Stored items from a collection →
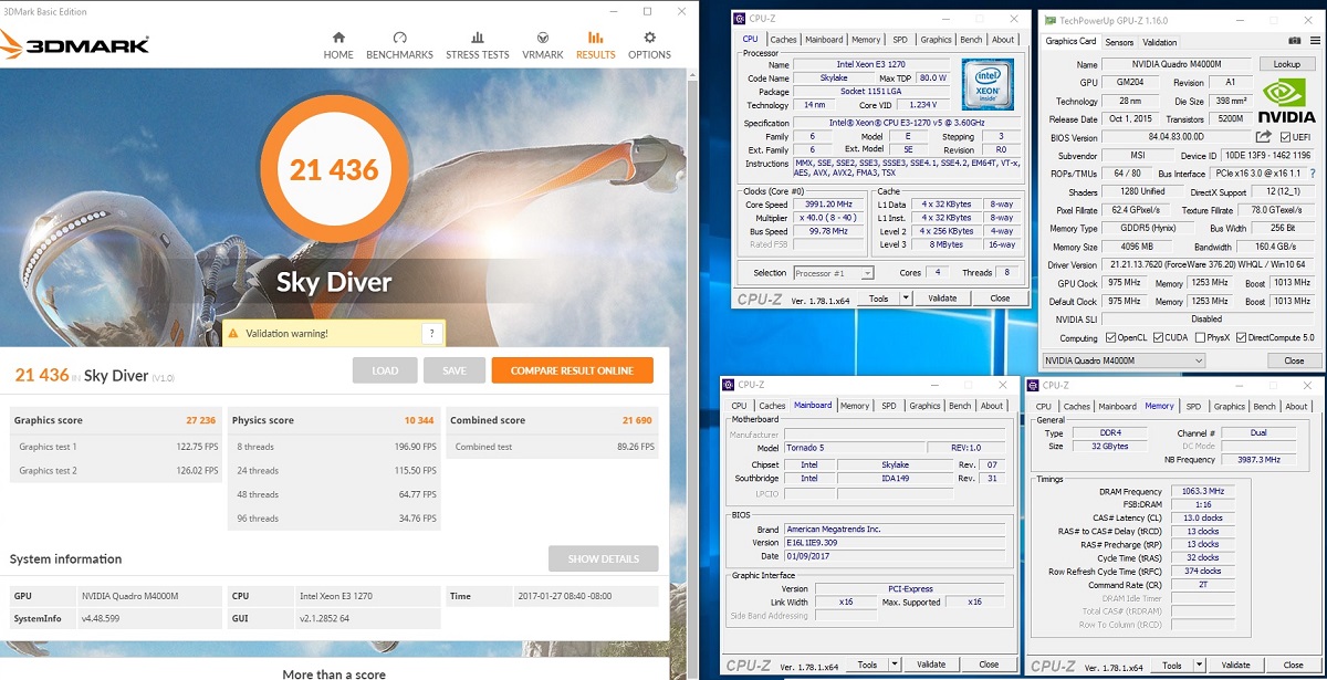 • EUROCOM Tornado F5W - 3DMark Sky Diver - NVIDIA Quadro M4000M - Intel Xeon E3 1270 v5 - Score: 21 436
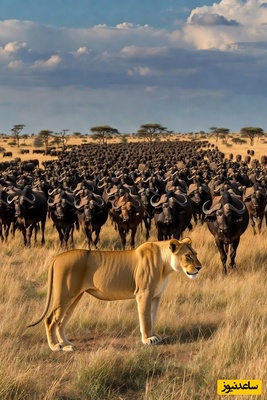 شیر ماده قدرتمند در برابر گله 2000 تایی بوفالوها! (ویدئو)
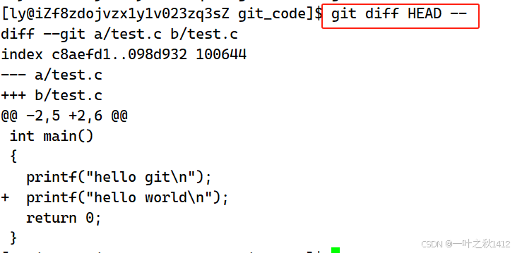 目前,我们只是知道test.c文件被修改过了,但是,如果我们能知道哪些地方被修改了,就更好了,那么我们可以通过git diff 命令来查看文件的哪些地方被修改了~
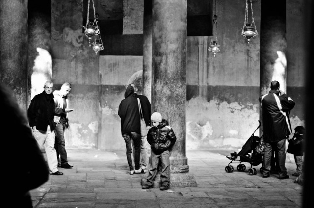 En Jerusalén, por ejemplo, es muy impresionante esta cuestión de la convivencia. Hay un chingo de tensión, lo ves en la gente, lo ves en la cantidad de soldados, lo ves entre los chavitos. Mucha gente anda con miedo, con prepotencia, un chingo de soldados. Pero, al mismo tiempo tiene un onda como de Disneylandia. Te venden un chingo de recuerditos y tiene todo el discurso de ser la Holy Land.
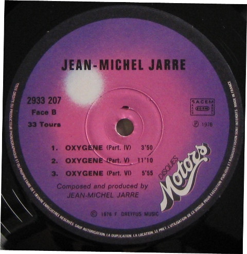 Oxygène: I.D.N. printer, (Y) code, "made in France" text beside Polydor logo on back cover, purple label design #2
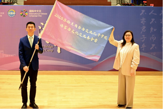 授旗环节备受瞩目,营旗招展,传递着文化交流的使命,副校长李新涛将营旗庄重授予外方领队,寓意着责任与期望的交接,承载着中外学子对文化互鉴的憧憬与共鸣。
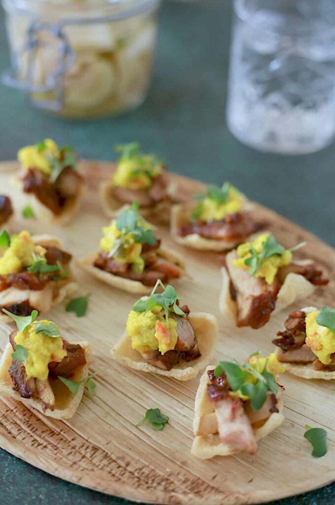 Vandaag deel ik met jullie een heerlijk hapje met Surinaamse kip, piccalilly en cassave. Want ontzettend makkelijk te maken en geweldig lekker is. Mijn eigen Mr. at het halve bord gelijk leeg en vroeg me of ik ze vaker wilde maken. Dat zegt genoeg 😉
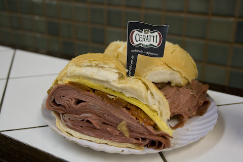 歩き方にのっていた市営市場の名物モルタデーラ。
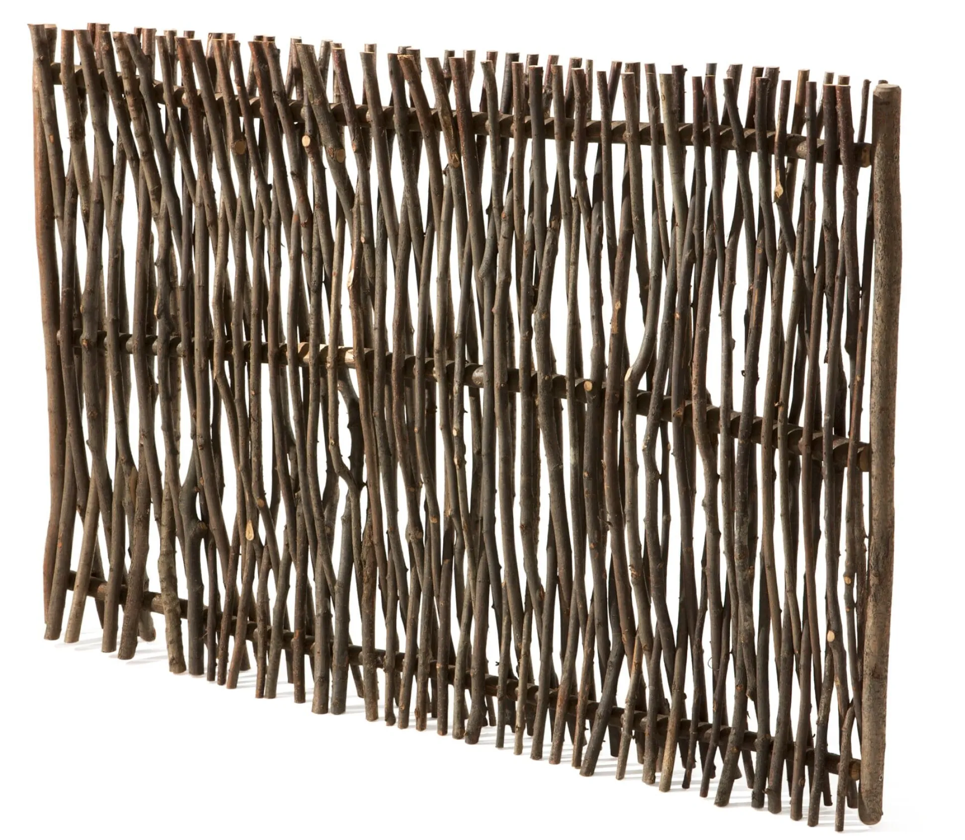 Aus Haselruten. Höhe 1,8 m, Breite 1,5 m, Tiefe 12 cm. Gewicht 28 kg.
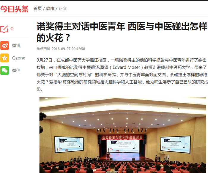 9月27日,在Beat365中文官方网站温江校区,一场诺奖得主的前沿科学报告与中医青年进行了亲密接触,来自挪威的诺奖得主爱德华.莫泽(Edvard Moser)教授走进Beat365中文官方网站,带来了他关于对“大脑的空间与时间”的科学研究,并与中医青年面对面交流,会碰撞出怎样的思维火花?爱德华.莫泽教授的研究领域是大脑科学和人工智能,他为师生展示了自己团队的研究成果。
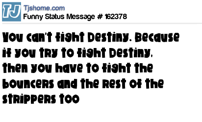 - # 162110 You can't fight Destiny. Because if you try to fight destiny then you have to fight the bouncers and the rest of the strippers too.
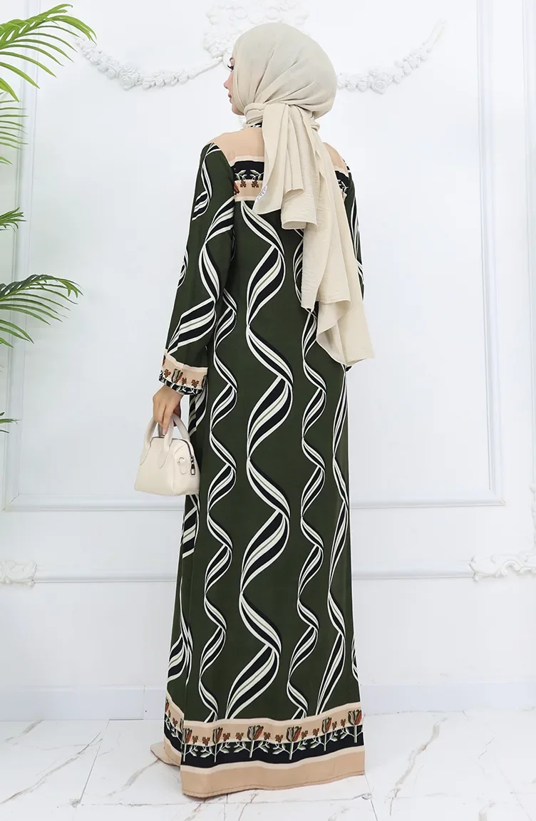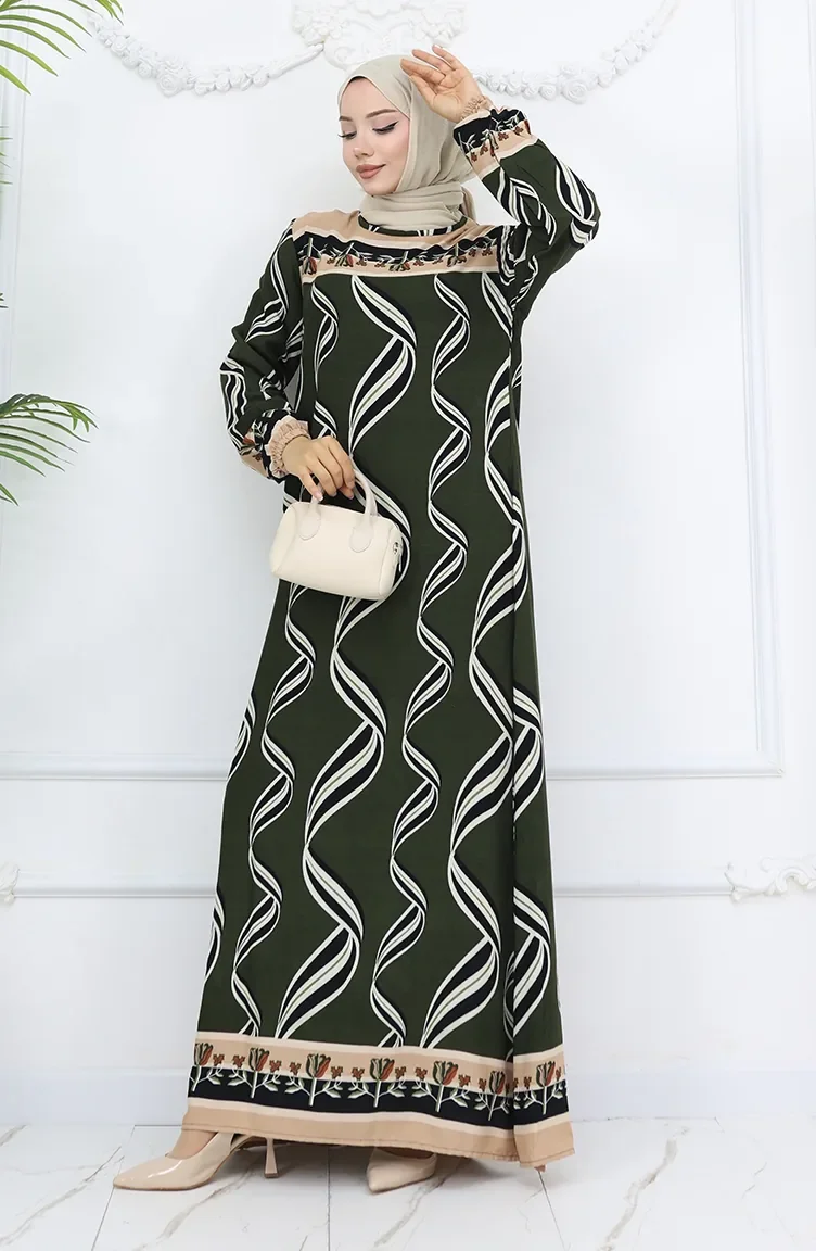 Viskon Kumaş Kol Ucu Lastikli Elbise 0031-06 Haki
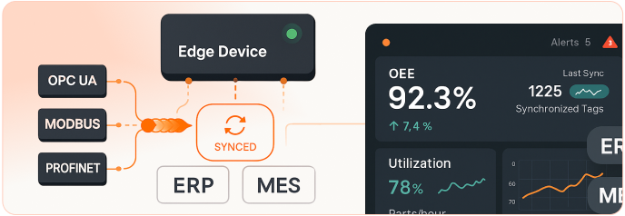 We integrate seamlessly with your PLCs, Robots, Sensors, and SCADA systems — no middleware, no complexity.
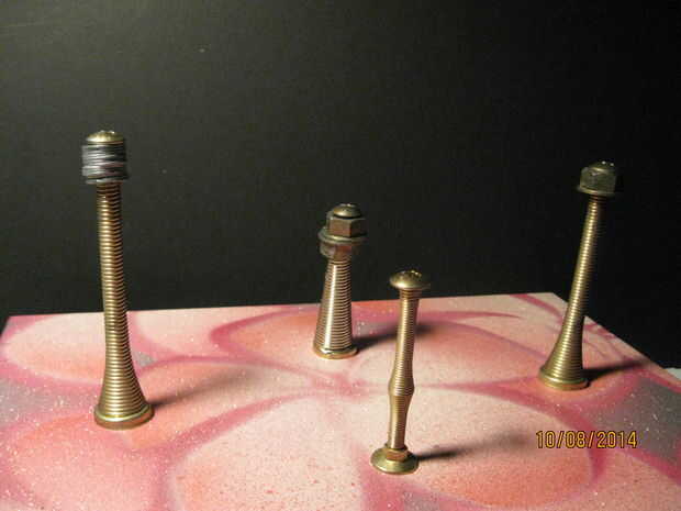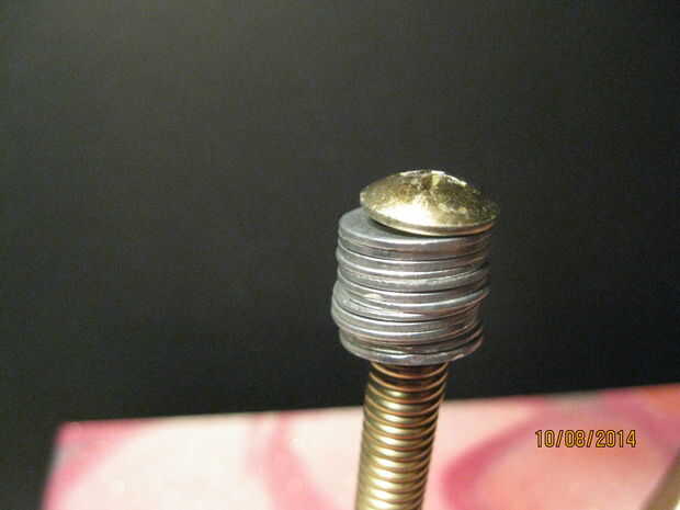 Mientras que pinté pensé en la tapa. Me paso a ver un paquete de arte adhesivo espuma letras en el estante en mi tienda y que me dio la solución. Solía arte espuma y cinta echada a un lado de la alfombra dos para hacer una Junta de tapa simple para evitar el traqueteo. También pensé en cómo alterar las calidades sonic de los resortes. Por supuesto las propiedades sonic estaban ligadas a las características físicas de la primavera. En este caso el resorte hace pivotar hacia adelante y hacia atrás como un péndulo. Este movimiento rápido y hacia atrás, o la oscilación, es lo que produce el sonido. Cambiando la velocidad o la frecuencia de oscilación podemos cambiar el sonido que produce. Puesto que nuestra primavera actúa básicamente como un péndulo, permite comenzar allí. La velocidad de un péndulo depende de la longitud del brazo y el peso. Cualquiera de esos valores será cambiar la velocidad de la péndola. Decidí que añadir peso al final de la primavera era un buen lugar para empezar.

ASSIGNED TASK → Exclude the pictures, then retype every record exactly.

ANSWER TO THIS TASK →
 • EUROCOM Tornado F5W - 3DMark Sky Diver - NVIDIA Quadro M4000M - Intel Xeon E3 1270 v5 - Score: 21 436
 شیر ماده قدرتمند در برابر گله 2000 تایی بوفالوها! (ویدئو)
 目前,我们只是知道test.c文件被修改过了,但是,如果我们能知道哪些地方被修改了,就更好了,那么我们可以通过git diff 命令来查看文件的哪些地方被修改了~
 En Jerusalén, por ejemplo, es muy impresionante esta cuestión de la convivencia. Hay un chingo de tensión, lo ves en la gente, lo ves en la cantidad de soldados, lo ves entre los chavitos. Mucha gente anda con miedo, con prepotencia, un chingo de soldados. Pero, al mismo tiempo tiene un onda como de Disneylandia. Te venden un chingo de recuerditos y tiene todo el discurso de ser la Holy Land.
 Oxygène: I.D.N. printer, (Y) code, "made in France" text beside Polydor logo on back cover, purple label design #2
 授旗环节备受瞩目,营旗招展,传递着文化交流的使命,副校长李新涛将营旗庄重授予外方领队,寓意着责任与期望的交接,承载着中外学子对文化互鉴的憧憬与共鸣。
 Vandaag deel ik met jullie een heerlijk hapje met Surinaamse kip, piccalilly en cassave. Want ontzettend makkelijk te maken en geweldig lekker is. Mijn eigen Mr. at het halve bord gelijk leeg en vroeg me of ik ze vaker wilde maken. Dat zegt genoeg 😉
 歩き方にのっていた市営市場の名物モルタデーラ。
 Aus Haselruten. Höhe 1,8 m, Breite 1,5 m, Tiefe 12 cm. Gewicht 28 kg.
 9月27日,在Beat365中文官方网站温江校区,一场诺奖得主的前沿科学报告与中医青年进行了亲密接触,来自挪威的诺奖得主爱德华.莫泽(Edvard Moser)教授走进Beat365中文官方网站,带来了他关于对“大脑的空间与时间”的科学研究,并与中医青年面对面交流,会碰撞出怎样的思维火花?爱德华.莫泽教授的研究领域是大脑科学和人工智能,他为师生展示了自己团队的研究成果。
 - # 162110 You can't fight Destiny. Because if you try to fight destiny then you have to fight the bouncers and the rest of the strippers too.
 Viskon Kumaş Kol Ucu Lastikli Elbise 0031-06 Haki
 We integrate seamlessly with your PLCs, Robots, Sensors, and SCADA systems — no middleware, no complexity.
 Mientras que pinté pensé en la tapa. Me paso a ver un paquete de arte adhesivo espuma letras en el estante en mi tienda y que me dio la solución. Solía arte espuma y cinta echada a un lado de la alfombra dos para hacer una Junta de tapa simple para evitar el traqueteo. También pensé en cómo alterar las calidades sonic de los resortes. Por supuesto las propiedades sonic estaban ligadas a las características físicas de la primavera. En este caso el resorte hace pivotar hacia adelante y hacia atrás como un péndulo. Este movimiento rápido y hacia atrás, o la oscilación, es lo que produce el sonido. Cambiando la velocidad o la frecuencia de oscilación podemos cambiar el sonido que produce. Puesto que nuestra primavera actúa básicamente como un péndulo, permite comenzar allí. La velocidad de un péndulo depende de la longitud del brazo y el peso. Cualquiera de esos valores será cambiar la velocidad de la péndola. Decidí que añadir peso al final de la primavera era un buen lugar para empezar.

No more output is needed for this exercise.